EXERCISE BRIEF: Give back the lines below verbatim, omitting all pictures.

AVAILABLE DATA:

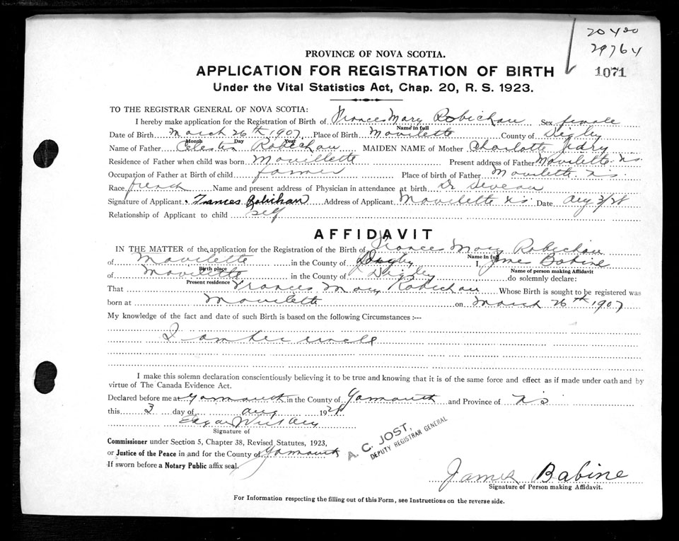 Nova Scotia Archives — https://archives.novascotia.ca/vital-statistics/birth/?ID=205759
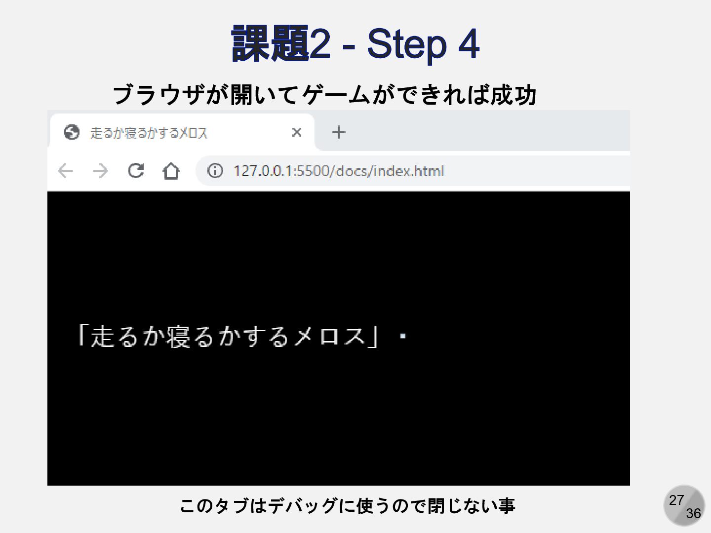 27 36 課題2 - Step 4 ブラウザが開いてゲームができれば成功 このタブはデバッグに使うので閉じない事
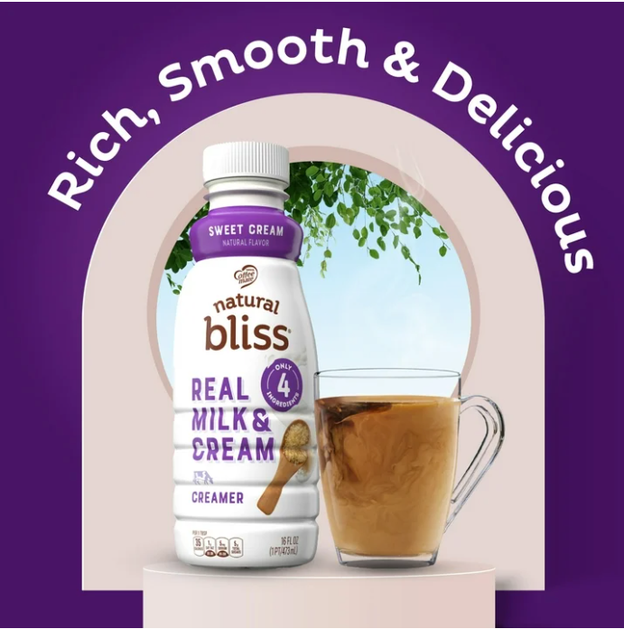 Natural Bliss Milk and Sweet Cream, Liquid Dairy Coffee Creamer, 16 fl oz
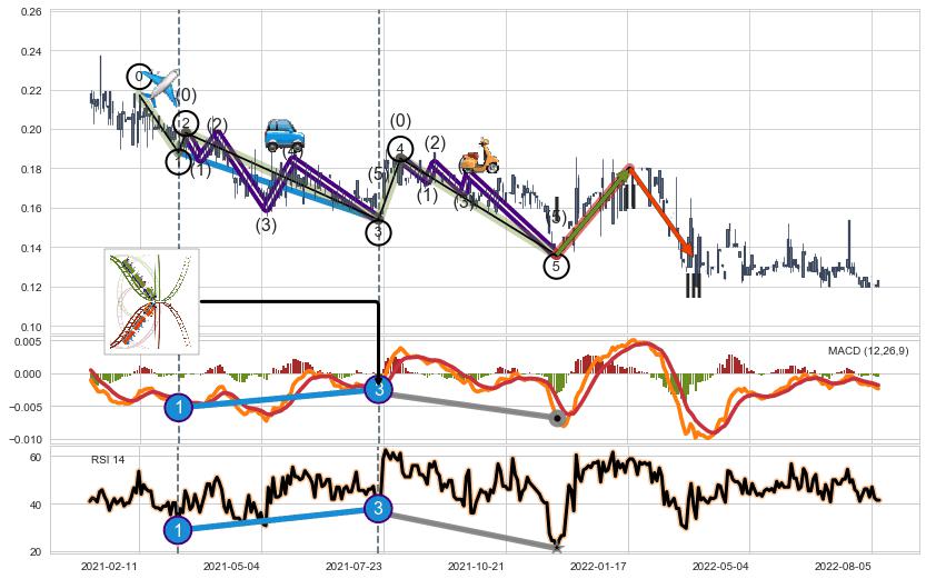 ➣ 第一, 三, 五浪下跌动能逐渐【衰弱变小】,趋势呈现不稳迹象

ANSWER FOR THE TASK:
 Nova Scotia Archives — https://archives.novascotia.ca/vital-statistics/birth/?ID=205759
 27 36 課題2 - Step 4 ブラウザが開いてゲームができれば成功 このタブはデバッグに使うので閉じない事
 Natural Bliss Milk and Sweet Cream, Liquid Dairy Coffee Creamer, 16 fl oz
 ➣ 第一, 三, 五浪下跌动能逐渐【衰弱变小】,趋势呈现不稳迹象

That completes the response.